Re: BDR Selective Replication

From: Craig Ringer <craig(at)2ndquadrant(dot)com>
To: Jim Nasby <Jim(dot)Nasby(at)bluetreble(dot)com>
Cc: swaxolez <willem(at)pcfish(dot)ca>, "pgsql-general(at)postgresql(dot)org" <pgsql-general(at)postgresql(dot)org>
Subject: Re: BDR Selective Replication
Date: 2015-04-29 06:38:55
Message-ID: CAMsr+YEcyTL2nE=1uncnL9DzF1JMopgARW6bzDbtarp-prT-aw@mail.gmail.com
Views: Raw Message | Whole Thread | Download mbox | Resend email
Thread:
Lists: pgsql-general

On 29 April 2015 at 09:14, Jim Nasby <Jim(dot)Nasby(at)bluetreble(dot)com> wrote:

> On 4/27/15 7:54 PM, Craig Ringer wrote:
>
>> If 'default replication set' is the idea of "here's what tables
>> *should* be getting replicated regardless of whether that's
>> happening or not", it'd be great if that was done so it could be
>> split out on it's own at some point. It's a problem that affects all
>> replication systems.
>>
>>
>> It wasn't, but that's an interesting idea.
>>
>> You need away to identify peer nodes in an abstract way before you can
>> really define sets of which nodes should get which tables. So I think
>> replication identifiers ( https://commitfest.postgresql.org/4/161/ ) are
>> a pre-requisite for that though, and one that's proving difficult to get
>> in.
>>
>
> Perhaps... different replication systems probably use different methods to
> identify, so presumably there'd need to be some way to map a generic
> identifier into an appropriate identifier for whatever replication system
> you're using.

Replication identifiers do just that: provide a way to map identifiers from
some external system into a local unique identifier for a peer node, along
with tracking of the replay position from the peer so replay can be
restarted at a consistent point. The replay position is an LSN, so they're
not going to work for any arbitrary system, though.

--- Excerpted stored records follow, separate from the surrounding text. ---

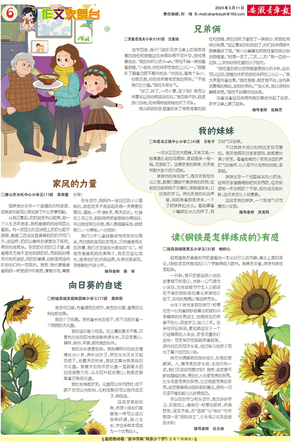 《安徽青年报·学生周刊》励志启智,开阔视野,净化心灵,陶冶情操,参与互动,集新闻性、知识性、趣味性、互动性为一体,是小学生成长的良师益友、参与互动的平台、沟通老师家长的纽带。
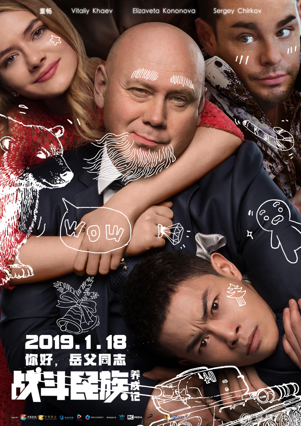 最新曝光的“圣誕休戰”版海報中,岳父大人一家被畫上節日涂鴉,在小熊、姜餅人,圣誕樹等元素的襯托下,溫情溢出。但仔細觀察,卻可以發現溫馨的氛圍底下卻暗含洶涌的角力:被畫上白胡子的岳父嘴唇微微上翹,下手臂卻用力夾著中國女婿的頭;被岳父纏著脖子的女婿眉頭緊皺,仿佛察覺到自己女朋友的前度在背后虎視眈眈從中作梗;只有左上角的“小公主”伊拉仿佛被蒙在鼓里,一副歲月靜好的樣子,4人組合起來的場面非常逗趣,網友直呼“感覺這是戰斗民族版最后的晚餐!”。
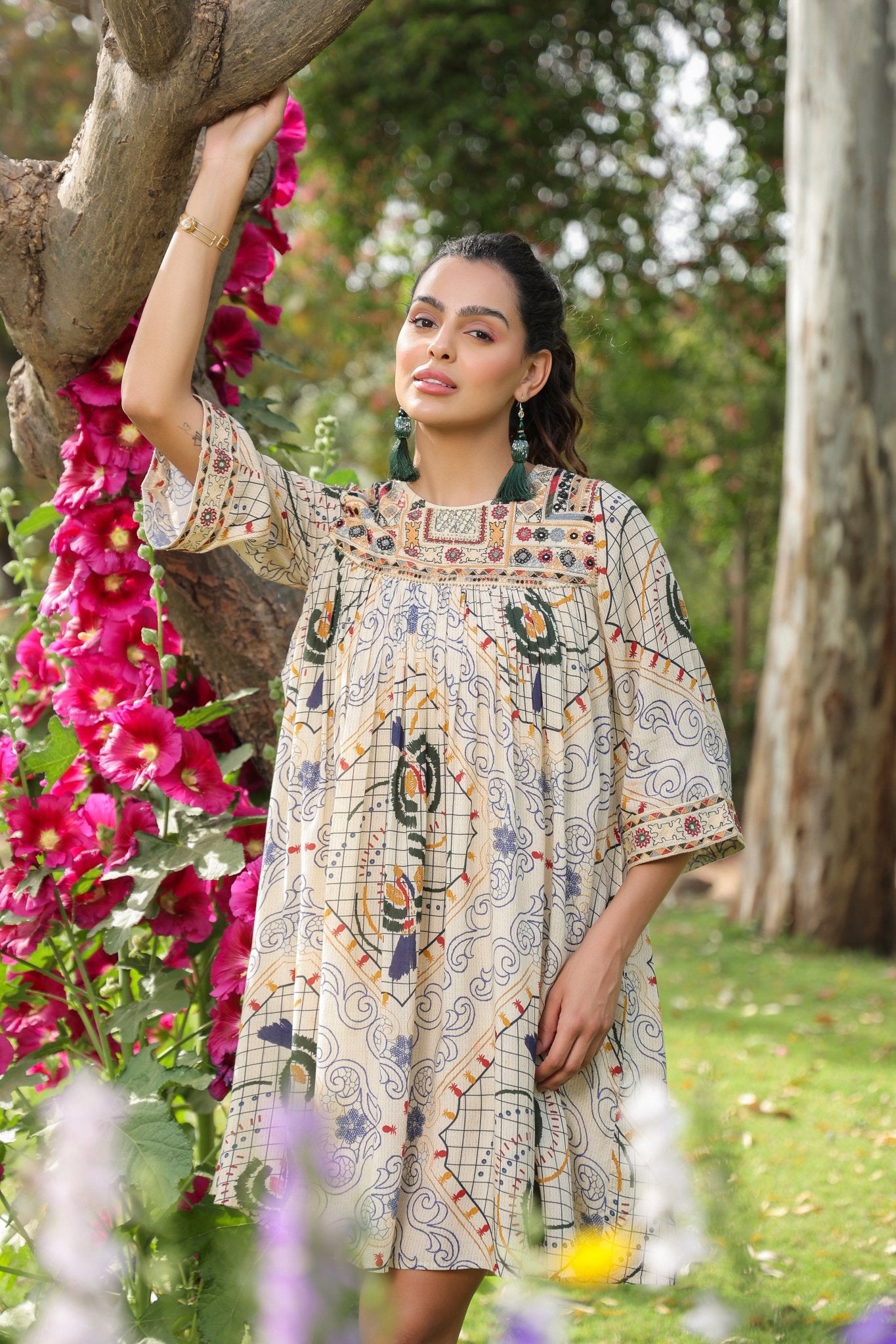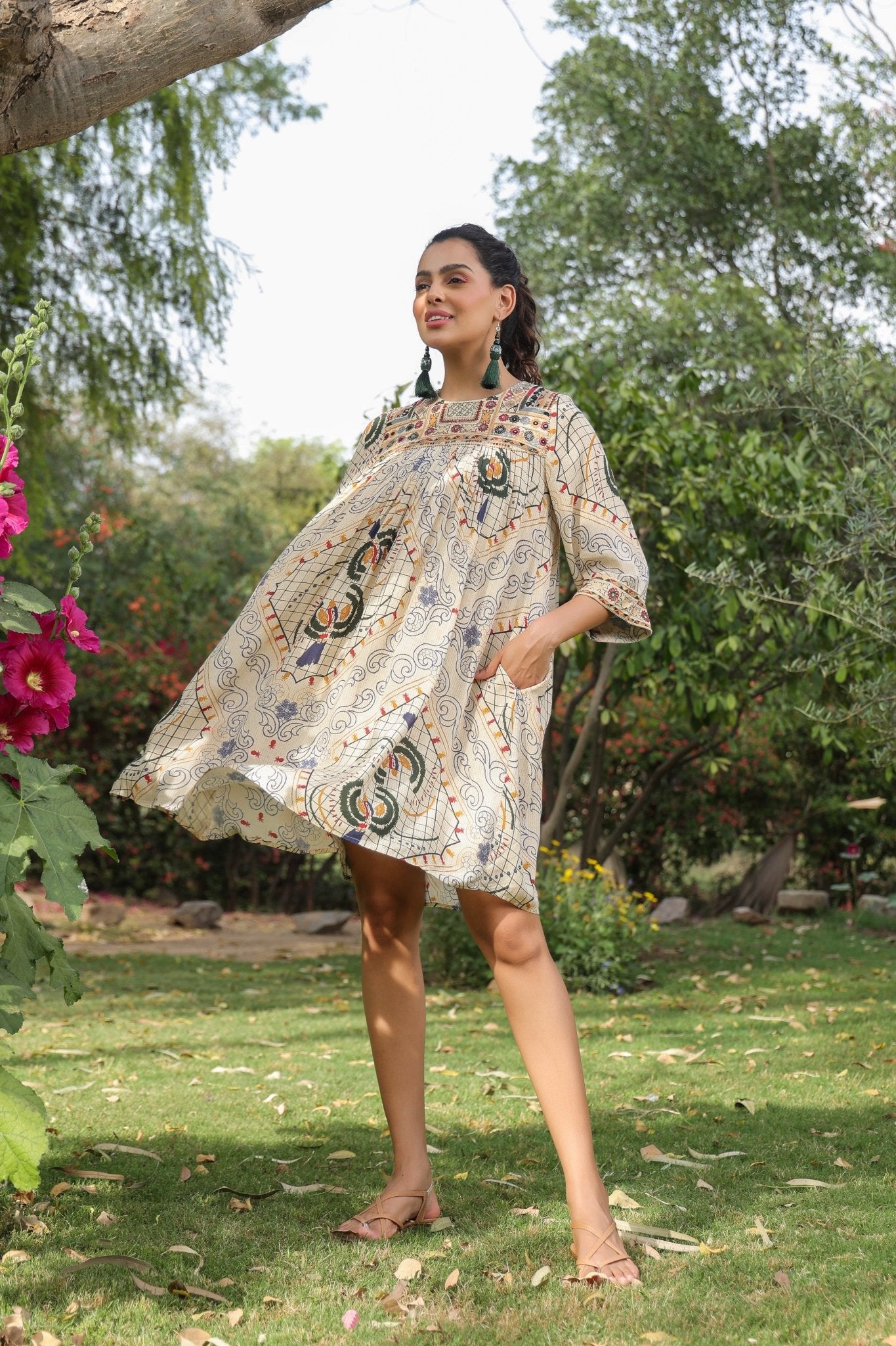 Women Viscose Santoon Digital Printed Embroidery And Beads Work Mini Dress
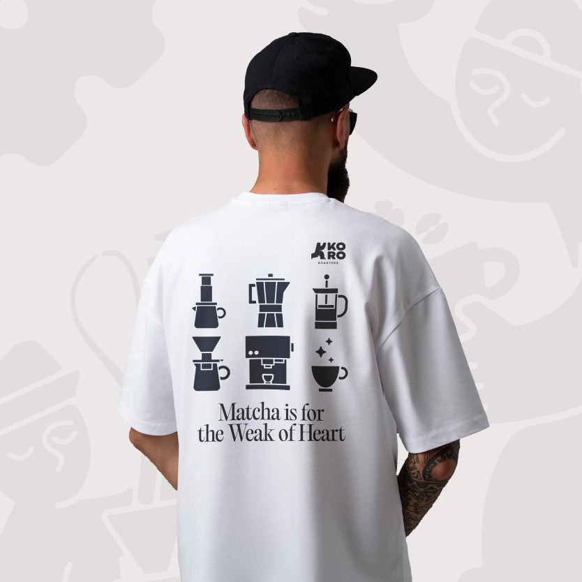 Keywords/Tags coffee t-shirts, oversized t-shirts, unisex t-shirts, combed 24s t-shirts, screen printed t-shirts, barista t-shirts, coffee t-shirts, just coffee, matcha, KORO Roasters, coffee clothes
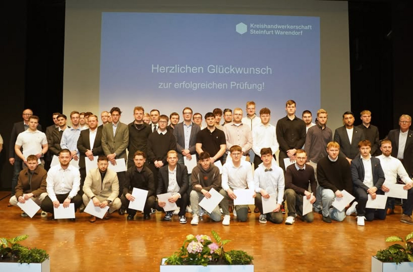 Im Rahmen der Lossprechungsfeier am 29. Januar 2026 in der Stadthalle Rheine erhielten nach ihrer erfolgreichen Prüfung die neuen Gesellinnen und Gesellen im Metallbereich ihre Gesellenbriefe und Prüfungszeugnisse aus den Händen von Obermeister Georg Hagemann und stellvertretenden Obermeister Carsten Dreyer von der Metall-Innung Steinfurt. Herzlichen Glückwunsch!
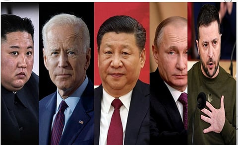 Left to Right (Kim Jong Un, Joe Biden, Xi Jinping, Vladimir Putin, Volodymyr Zelensky)- Salil Gewali
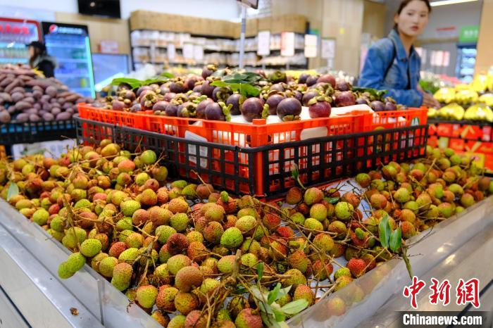 5月27日,西藏拉萨一连锁超市销售来自海南的“妃子笑”荔枝。中新社记者 江飞波 摄
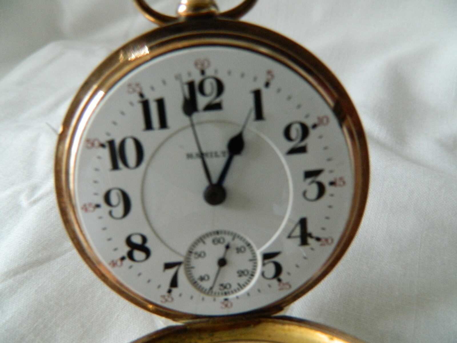 Hamilton Triple Hinge Open Face Case 10K Gold Filled 21 Jewels Pocket Watch w/Porcelain Dial includes Gold Tone Watch Fob
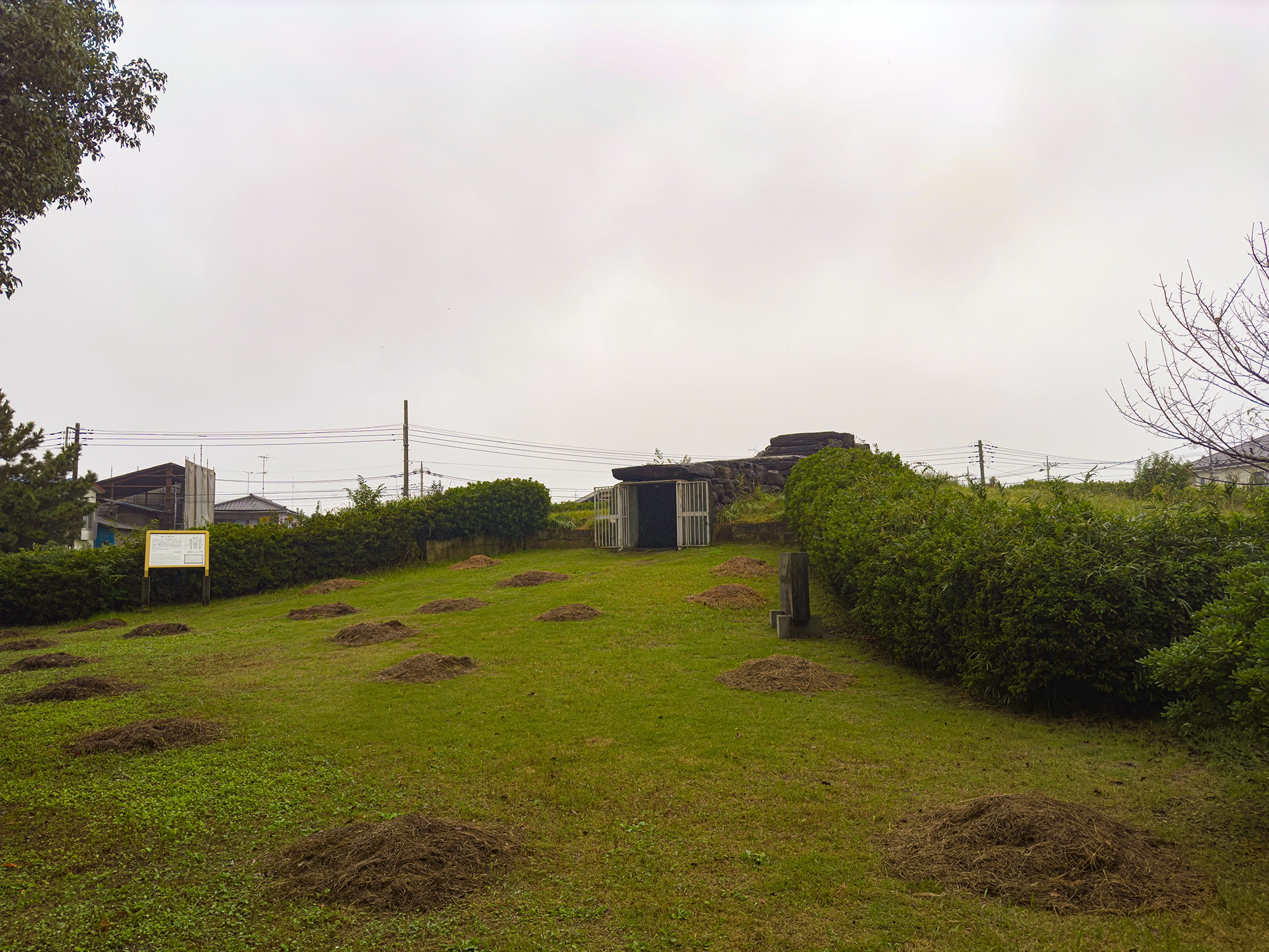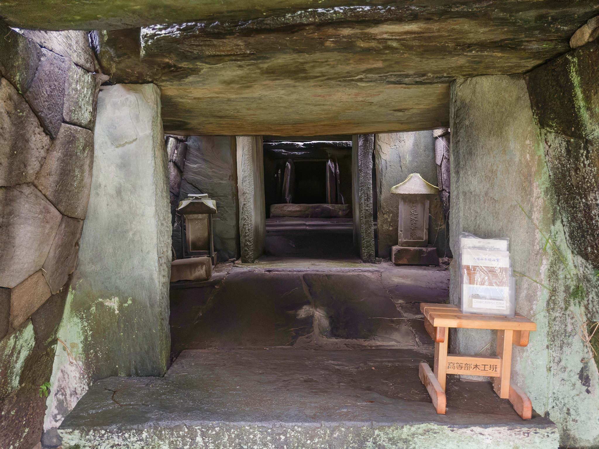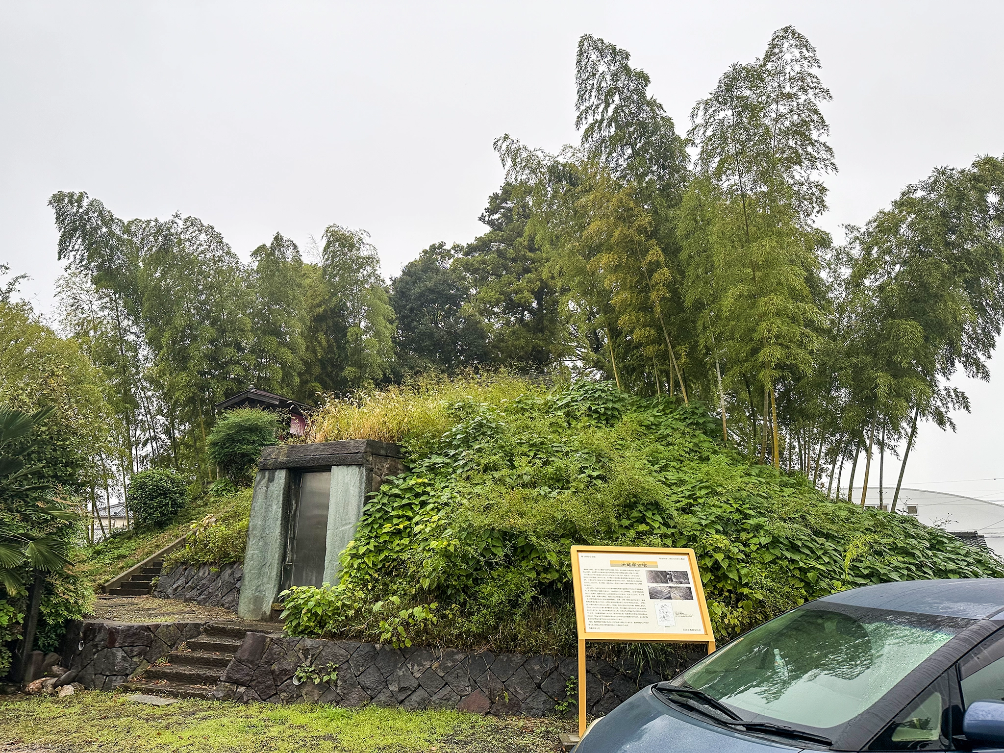 こちらは先の八幡山古墳よりもさらにコンパクト。これぐらいの墓ならちょっとしたお金持ちが作ってもおかしくないかも的な。こちらは中は残念ながら閉ざされていたが、古墳の上に洞があってそちらは撮影できた。
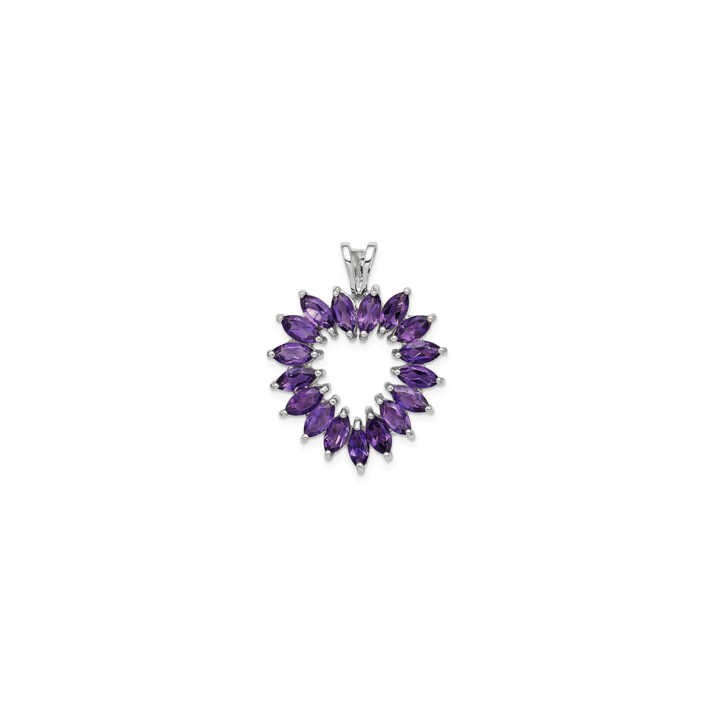 Marquise Amethyst Heart Outline Pendant (Silver)
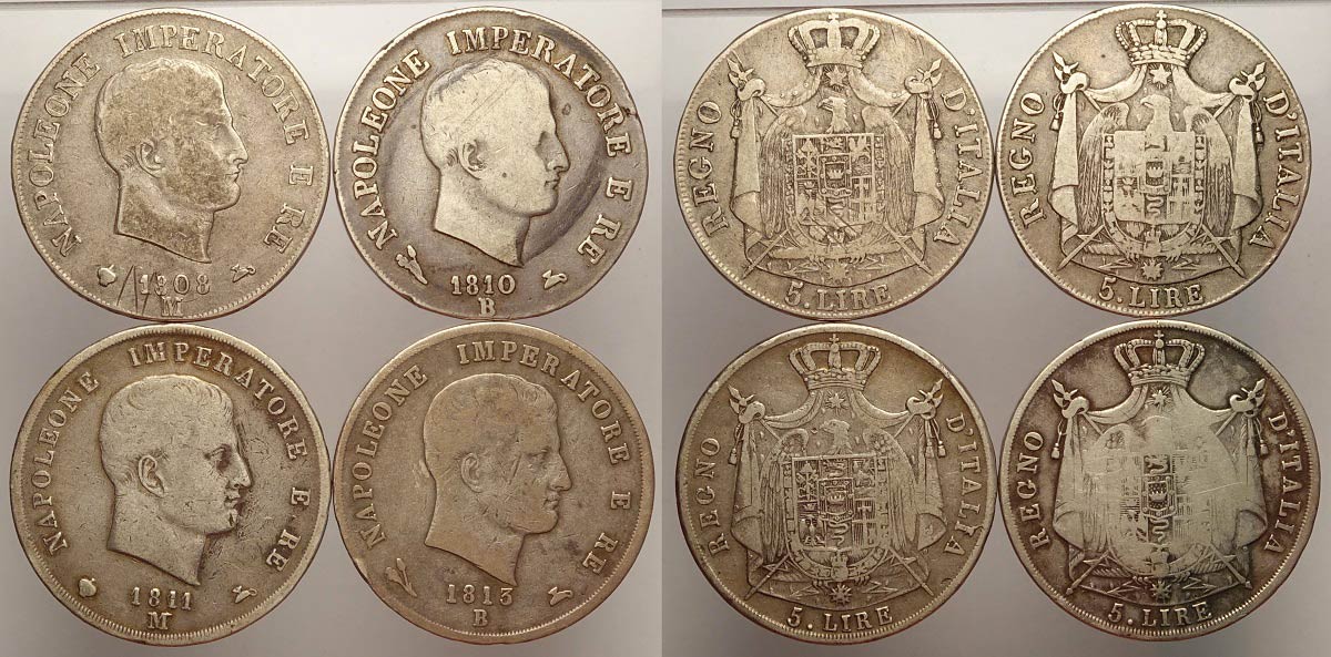 Napoleone I Re d'Italia, lotto di 4 monete da 5 Lire Ag: 1808-M; 1810-B Rara; 1811-M; 1813-B RR
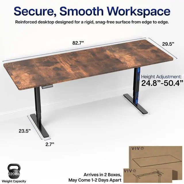 Transform your workstation to accommodate an active work life with the Vintage Brown / Black 83" x 30" Electric Desk (DESK-KIT-2E84N) from VIVO! Finding a healthy balance between sitting and standing throughout the long work day is made possible with electric height adjustment, 3-stage telescopic legs, and an elegant touch-screen control panel. The spacious table top provides room for dual-monitor setups and important supplies so you can organize your workspace to fit your preferred layout. With a frame constructed of solid steel, this desk supports up to 220 lbs and is built to last. The integrated cable management system ensures that cords and cables are neatly organized and hidden from view for a tidy workspace. All hardware and instructions are provided, so you can get your new workstation assembled and taking you to new heights!

How would you want to go about storing and tracking the information? A
>> new catalog? The other issue for in-core replication sets would probably
>> be making it foreign-key aware, so replication of a table transitively
>> requires replication of its references.
>>
>
> As you said, we'd need a way to identify replication nodes. We might also
> need/want a way to specify topology.

Topology? Why?

All a node needs to know is "send data from <these tables> to <these
peers>". It's just a set. If a replication system is doing something fancy
it'd be able to manage the replication sets on the nodes.

> I don't think topology would be too hard (presumably it's either a single
> 'parent' node, or a list of peers). What might be more interesting is
> dealing with different systems methods of identifying nodes.
>

Yeah, topology is hard. Rings, mesh with dangling follower nodes, etc.

I don't think it's really the same thing as replication sets.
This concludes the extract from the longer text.